The KEGG modules with average relative abundance of 0.0001% and appeared in at least 5% of samples number (five samples) were selected for the downstream analysis can be found in ./Raw_Data/Modules_Humann2Ann.5.1e-06.up.tsv
HUMAnN2 also generated the KEGG Orthology profiles stratified by species that we used for MIMOSA (see below in the Microbe-Metabolite (MIMOSA) section). The file available upon request due to size limitations.
The downstream analysis for the KEGG modules generated by this annotations includes: LEfSe statistical test, MaAsLin associations test with metadata, and MIMOSA
We categorized the mOTU-annotated species and MetaPhlAn2-annotated species into oral microbes or others or others based on the expanded Human Oral Microbiome Database (eHOMD).

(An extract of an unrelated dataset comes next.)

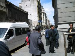 Le matin du 14 décembre, les pratiquants ont protesté sur la Place du Congrès. Ils ont déployé des banderoles et clarifié la vérité au sujet du Falun Gong et de la persécution aux membres du parlement. Ils ont annoncé les détails de l’action en justice contre Luo Gan enregistrée le jour précédant et expliqué les crimes que Luo Gan a commis.
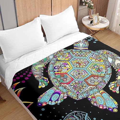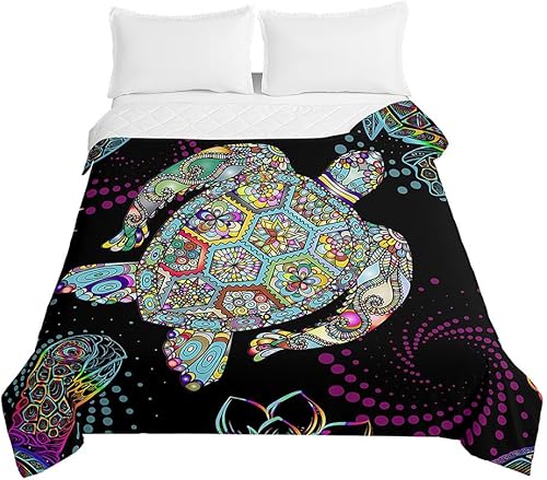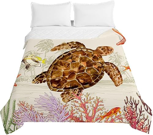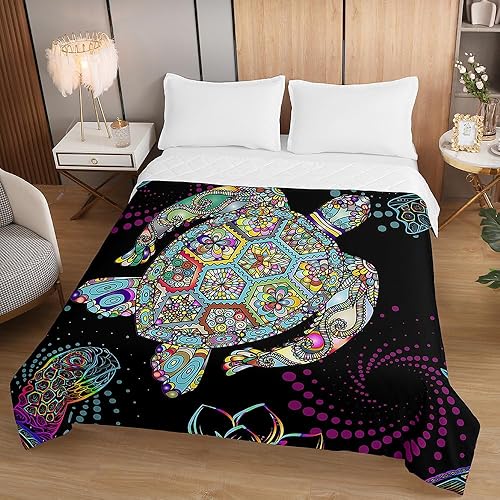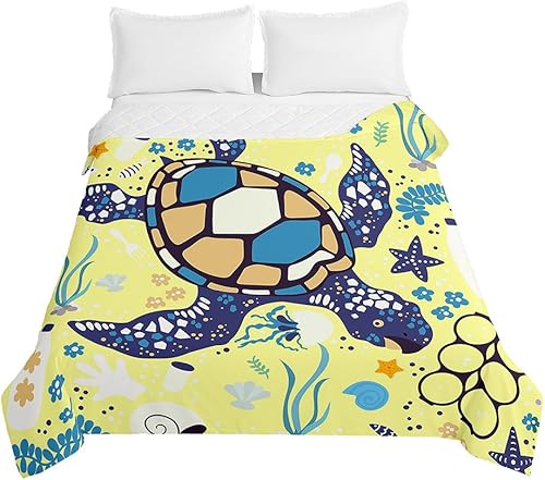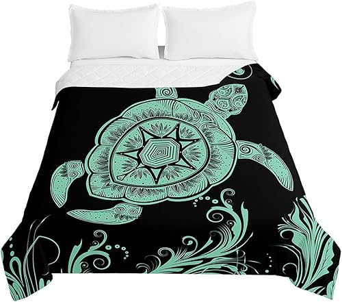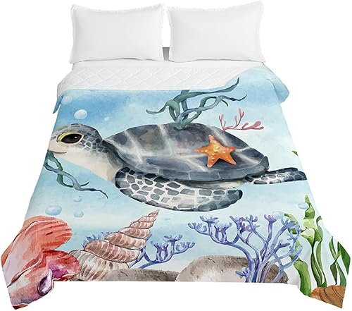 Hiseng Couette sans Housse, Tortue de Mer 3D Couette Ete Douce 1/2 Personne Léger Reversible Été Douce Microfibre Doux Jeté de Lit pour 4 Saisons (Bleu Aqua,100x150cm)

The tabularized file were downloaded from http://www.homd.org/?name=HOMD
. If the species were matched with the species name in the table, we categorized the species as oral
, while unmatched species were categorized as other
.
We later calculate the total relative abundance of species labeled as oral
in each group (Gastrectomy, n=50; Control, n=56) and performed statistical test (Mann Whitney-U) to compare the two groups.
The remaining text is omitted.